How can anyone know know they will be fine? In the short term, they will probably be confused, distraught, upset. In the long term, they will now grow up without their mum. Well documented sentiment, words from family, and photos will never, ever replace having HER.

Northernlurker · 08/04/2014 08:31

There are lots of ways young people can die suddenly. Asthma, cardiomyopathy, heart arrhythmias, stroke - lots of ways to die. We just pretend to ourselves that we're immortal, partly because I think for most if not all parents, the idea of leaving your dcs is something we run away from very fast unless something changes which means you have to try and face that. It doesn't matter what happened to her.

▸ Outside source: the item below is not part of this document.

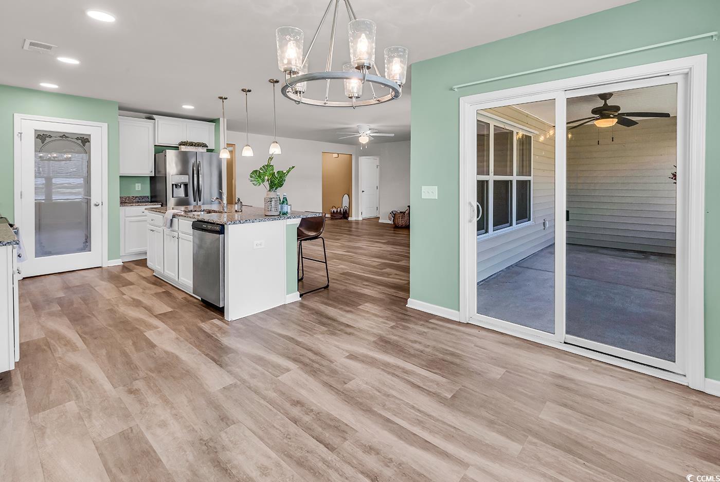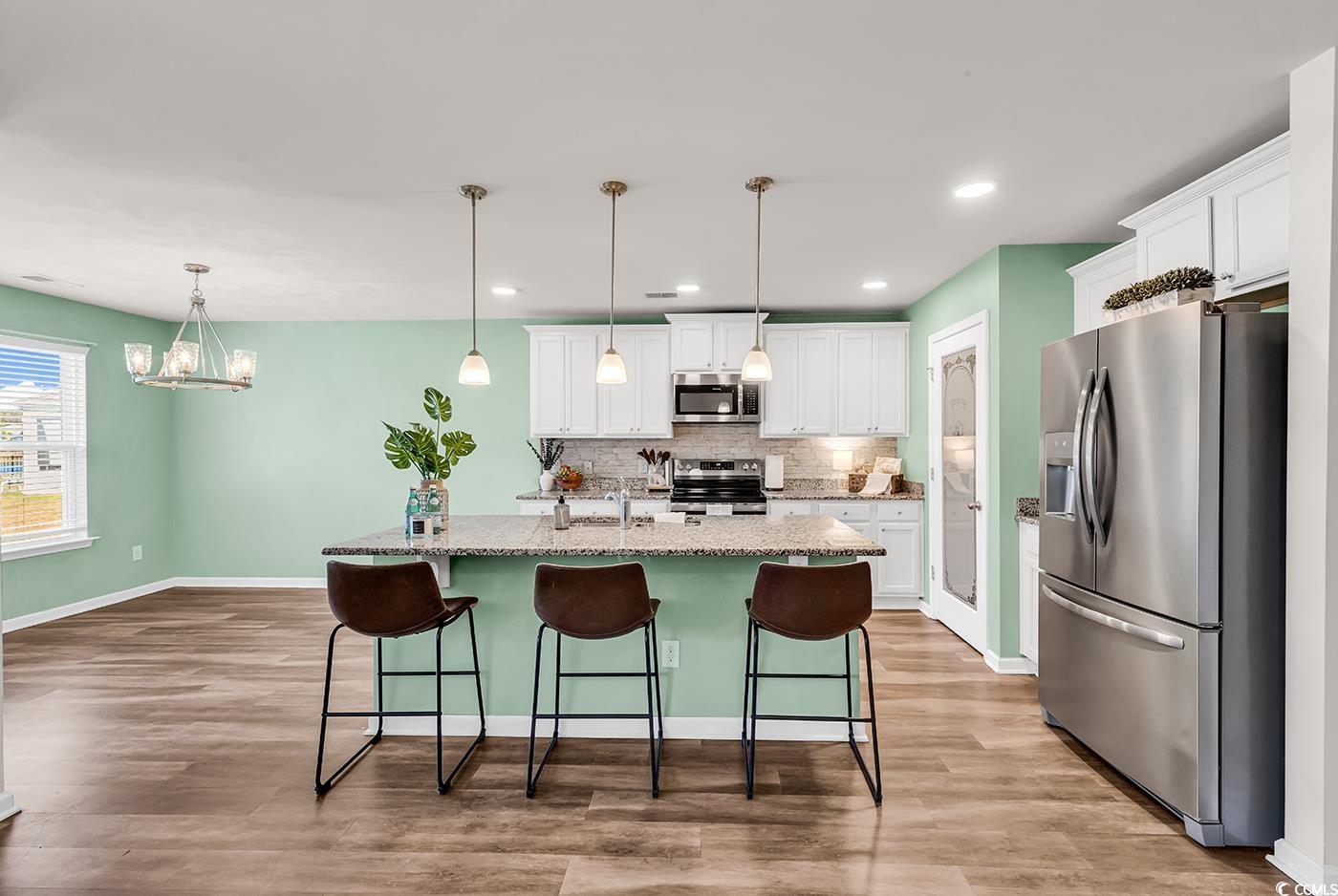 Welcome to this charming 3-bedroom, 2-bath split-floor-plan home located in a beautifully kept community just minutes from Cherry Grove Beach. Sitting on one of the largest lots in the neighborhood, this property offers privacy, mature landscaping, and peaceful pond views. Step inside to a bright and open layout featuring a spacious living area and an extra-large primary suite with an impressive walk-in closet. The well-appointed kitchen includes a generous pantry and a new oven, offering plenty of storage and functionality for everyday living. Relax and unwind on the expansive screened-in porch and patio, perfect for enjoying the tranquil backyard setting. Additional features include a charming door chime, garage screen and window storm protectors. Home has been lovingly cared for with semi-annual HVAC maintenance and annual termite preventionshowing true pride of ownership throughout. Community amenities are abundant and include a pool, clubhouse, and fitness roomall with low HOA fees. Located less than 10 miles from the stunning shores of Cherry Grove Beach, this home offers both convenience and coastal living at its best.

What matters is she's dead and her family are grieving and her sons will grow up with photos and other people's memories and none of their own. That's awful. I feel very sad this morning.

slartybartfast · 08/04/2014 08:36

Fractured so often, but never broken
Sad
Sad
Sad

Lighthousekeeping · 08/04/2014 08:43

I've been thinking about it all night. I think it's because I'm in my forties and remember back to Live Aid etc. and remember the girls been born. I was mesmerised by how she'd grown up into the kind of woman her mum would've been proud of.